Dawg Days

Dawg Days

It’s been a long time since my last blog, but here are a few of the highlights (lowlights?) over the last month or so:


Our road trip started with 2 game in Columbus, GA to play the Cottonmouths. The week prior, the Cottonmouth’s bus rolled over on the highway, injuring many of the players (concussions, broken bones, a hip dislocation). Luckily, everyone survived. However, Columbus was left with half of a viable hockey team. To fill their roster, Columbus literally signed guys off of the street, including a few retired guys to come back and fill in for a few games.

We lost the first game of the series, despite playing against Columbus’ depleted roster. The next night we came back and won in front of a big crowd for Military night. A couple thousand troops attended the game in uniform, and it kicked off with a couple of guys rappelling down from the ceiling. Coincidentally, the game was a war on the ice. Our captain was jumped on three separate occasions, and numerous players on both teams were ejected. Our coach was also tossed. At one point in the third period, I looked down the bench, and there were five guys left, including me, with no coach. Five. The rest were already kicked out of the game or in the penalty box. We finished them off in a lopsided win.

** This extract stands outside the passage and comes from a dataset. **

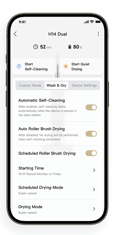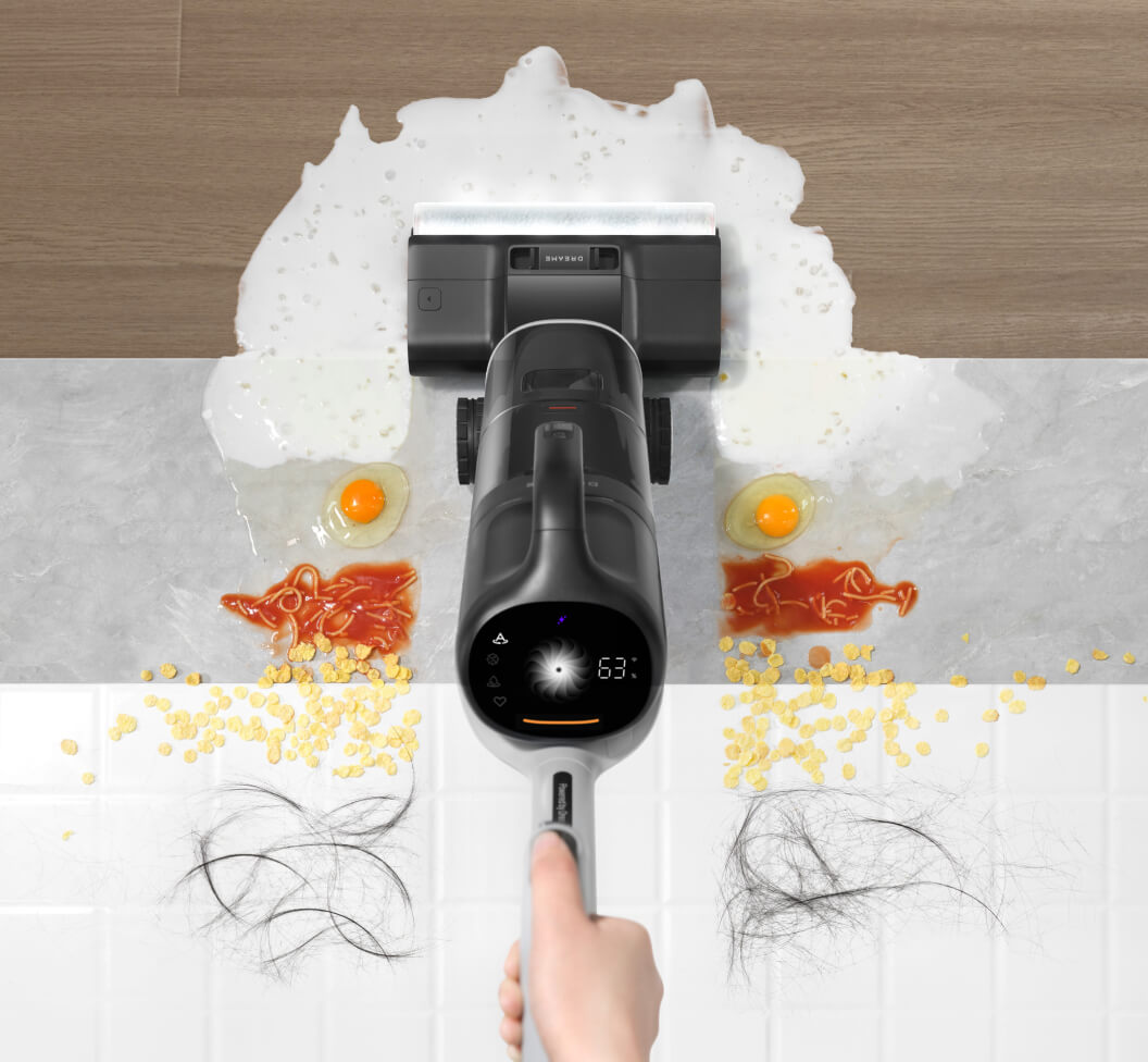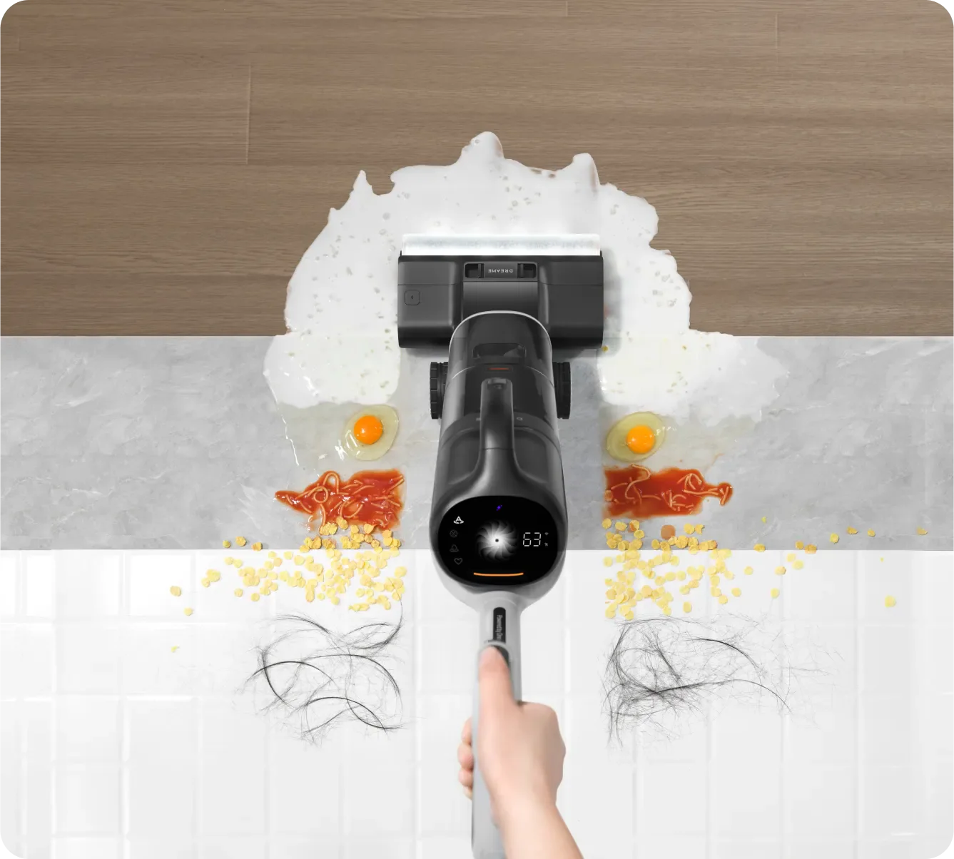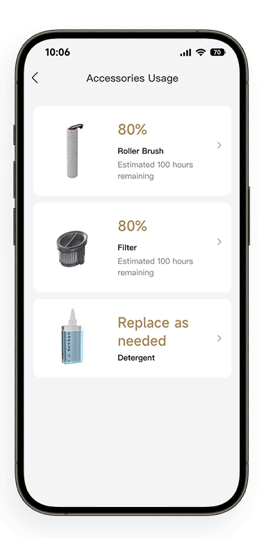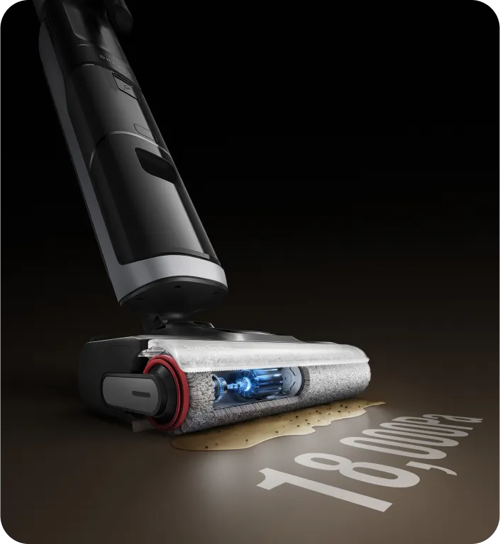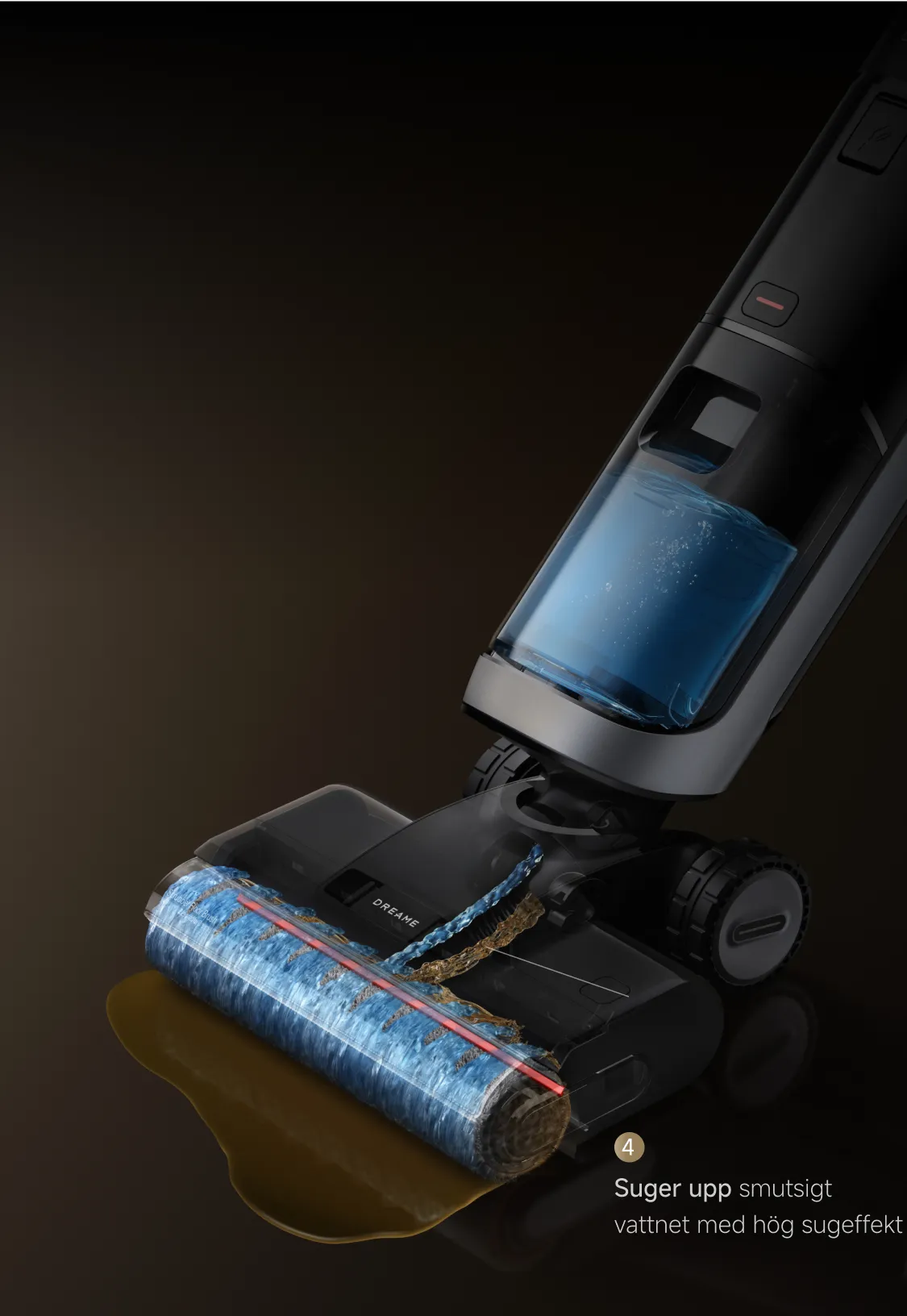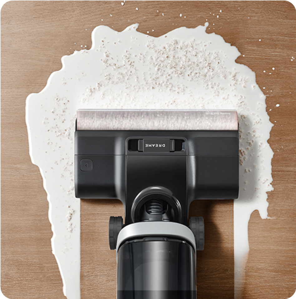 ⁶ Jedno napełnienie, miesiąc sprzątania: pełny zbiornik roztworu do czyszczenia o pojemności 120 ml umożliwia sprzątanie przez 30 dni (przy stosunku 1:200), na podstawie testów laboratoryjnych firmy Dreame. Rzeczywiste warunki użytkowania mogą dawać inne wyniki.

We wrapped up the weekend the next day with a matinée in Pensacola. It was my first time back since my release in late December, and it was great to see some familiar faces around the rink. Unfortunately we lost to my former team. After the game, I was informed that a few friends from Pensacola had waited to see me after the game. One even brought me an extravagant care package for the bus (Thank you!). I visited with them and caught up before hopping back on the bus. Little things like reconnecting little relationships like these are part of what makes pro hockey so great.

Our schedule worked out so that we played Pensacola again in Pensacola the following weekend. So instead of heading all the way back to Virginia and then turning around and driving back a day or two later, our coach/management decided to take us on a little tour of the Gulf Coast. After our Sunday game in Pensacola we drove over to New Orleans for a 2 night stay.

The Big Easy

Exploring New Orleans with the team was a great time. We took the streetcars downtown, walked around the French Quarter with daiquiris in hand, sang karaoke (I may or may not have done a rendition of Puddle of Mudd’s She Hates Me), and went out together on Bourbon street. I’m going to go ahead and redact most of our activities that night, but let’s just say we made the rounds and had a good time.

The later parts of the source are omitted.